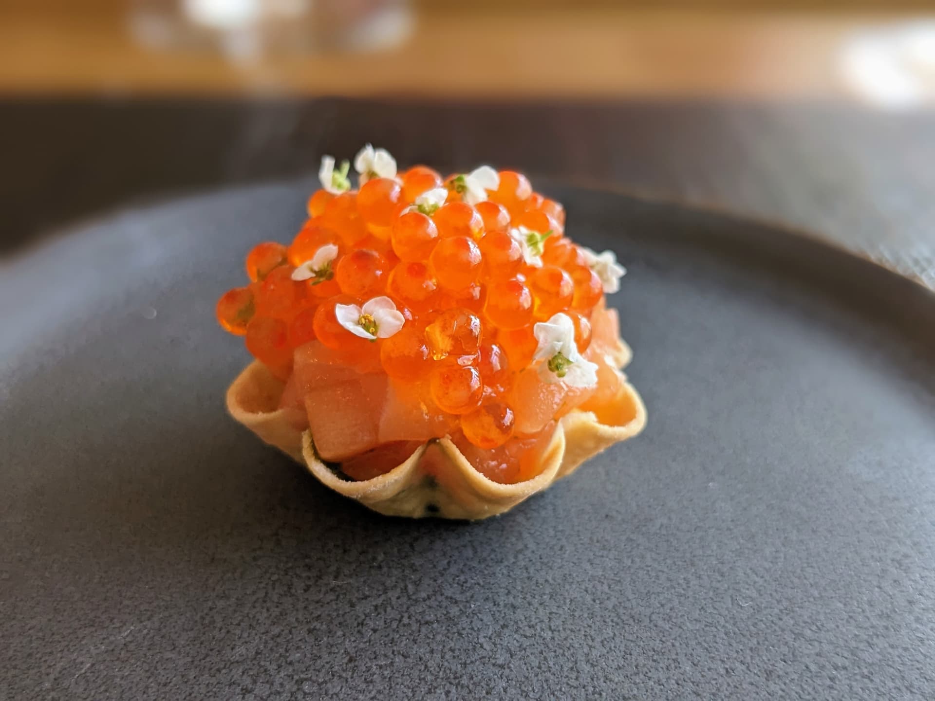 (new) hon masu tartlet, trout roe, horseradish, vidalia onions, citrus
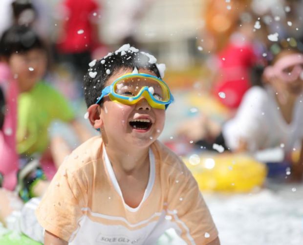 5月30日,在江苏省淮安市洪泽湖幼儿园迎“六一”活动中,小朋友们在参加“泡沫派对”活动。
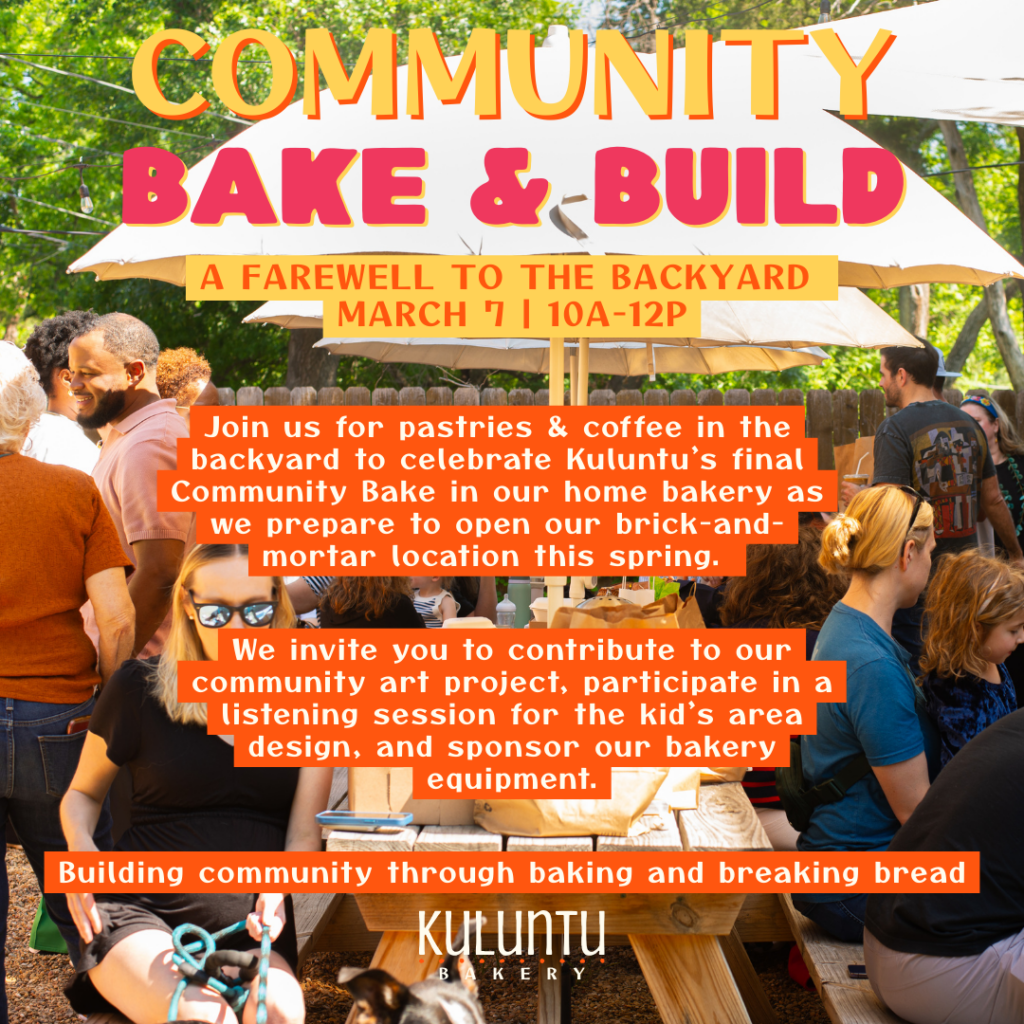 Our next Community Bake (and final one in our backyard!) is on March 7 from 10 am – 12 pm.

────────

Retype each line above precisely, please. Skip anything that is a picture.

 (new) hon masu tartlet, trout roe, horseradish, vidalia onions, citrus
 5月30日,在江苏省淮安市洪泽湖幼儿园迎“六一”活动中,小朋友们在参加“泡沫派对”活动。
 Our next Community Bake (and final one in our backyard!) is on March 7 from 10 am – 12 pm.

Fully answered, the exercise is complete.